Il en résulte que leur pessimisme n’est en dernière analyse que relatif, tandis que celui des bouddhistes est absolu, si toutefois on doit, comme on le fait généralement, assimiler au néant le nirvana ou la délivrance bouddhique.

Mais ici une question se pose. Les âmes individuelles, dira-ton, ne peuvent s’absorber dans l’âme suprême qu’à la condition de perdre leur conscience propre. Ne faut-il pas en déduire cette conséquence forcée que la délivrance brahmanique n’est elle-même qu’un mode d’anéantissement identique dans ses effets au nirvana des bouddhistes ? Nous avons là un problème métaphysique de la plus haute difficulté et que je n’essayerai pas de résoudre. Je me bornerai à indiquer d’après les philosophes hindous quels sont les principaux attributs de l’âme suprême, — attributs auxquels participent selon eux, les âmes individuelles délivrées, dans des conditions dont la raison ne doit pas chercher à se rendre compte.

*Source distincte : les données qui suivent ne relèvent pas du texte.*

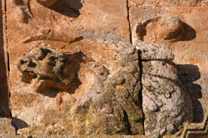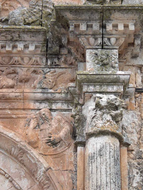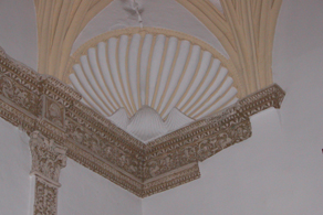 | Los bordes del recinto presentan cenefas y frisos de estuco en relieve con prolija decoración plateresca de releos y grutescos | ![]() |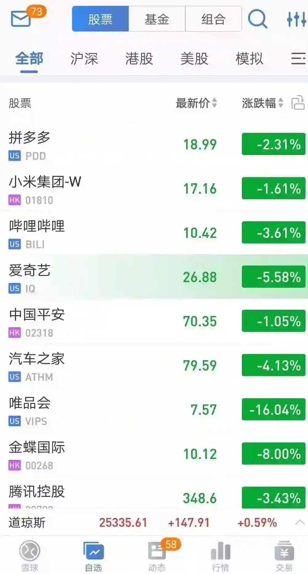 网易208美元,跌!京东33.8美元,跌!小米16.5港币,跌!”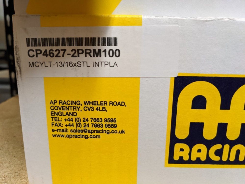 As a follow up note if you are planning to replace rather than rebuild, the 0.7" bore Girling 74660152/TRW cylinders are a drop in replacement for the 0.8" bore AP Racing CP4627-2PRM100 MCYLT-13/16xSTL INTPLA / CC uprated master cylinder. -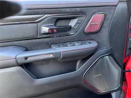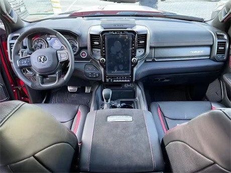 2022款道奇霸王龙在内饰部分进一步强化了其高性能版本的形象,中控台和座椅随处可见的TRX标识便是最好的例证。同时,作为道奇家族的旗舰车型,新车还配备了12英寸竖置中控屏幕,除了支持蓝牙、导航和车载Wi-Fi等常见功能,还支持Apple CarPlay和Android Auto手机映射。

L’âme suprême, surtout à partir de l’époque où le système qui est esquissé dans cette étude a été complètement achevé, est généralement qualifiée au moyen de la formule attributive akhandam sac cid ânandam, c’est-à-dire qu’elle est l’être sans parties[1], l’intelligence et le bonheur.

Ces qualités sont expliquées et démontrées de la manière suivante par un commentateur :

L’être consiste dans l’absence d’idée contradictoire relativement à l’objet auquel il est attribué.

L’âme universelle possède l’être ; car elle ne saurait eu être privée qu’autant

  1. Cf. Pascal, Pensées, art. x, 1.